Aim of the task> Nothing but an exact copy is asked for: the lines in the material below from the one with "4 reviews for" through the one with "สาวเลยเอากล่องมาตัดเป็นช่อง ให้พอดีตัวแมวส้ม เอาข้าวไว้ในนั้น", pictures excluded.

Data to examine>
══════════════════════════════

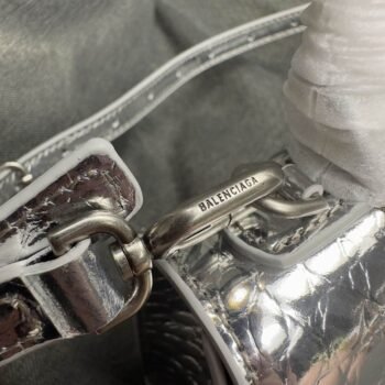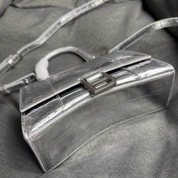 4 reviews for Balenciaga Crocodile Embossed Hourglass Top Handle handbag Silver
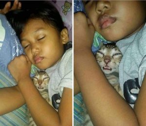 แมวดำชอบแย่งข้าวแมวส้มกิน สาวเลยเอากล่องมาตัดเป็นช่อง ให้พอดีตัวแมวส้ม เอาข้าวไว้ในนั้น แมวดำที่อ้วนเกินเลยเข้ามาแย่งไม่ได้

══════════════════════════════

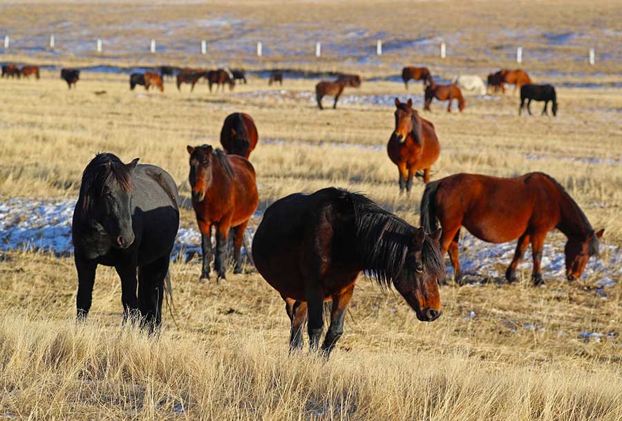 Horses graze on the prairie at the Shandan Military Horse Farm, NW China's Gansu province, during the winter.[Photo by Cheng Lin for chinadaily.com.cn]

══════════════════════════════

Result of the task>
 4 reviews for Balenciaga Crocodile Embossed Hourglass Top Handle handbag Silver
 แมวดำชอบแย่งข้าวแมวส้มกิน สาวเลยเอากล่องมาตัดเป็นช่อง ให้พอดีตัวแมวส้ม เอาข้าวไว้ในนั้น แมวดำที่อ้วนเกินเลยเข้ามาแย่งไม่ได้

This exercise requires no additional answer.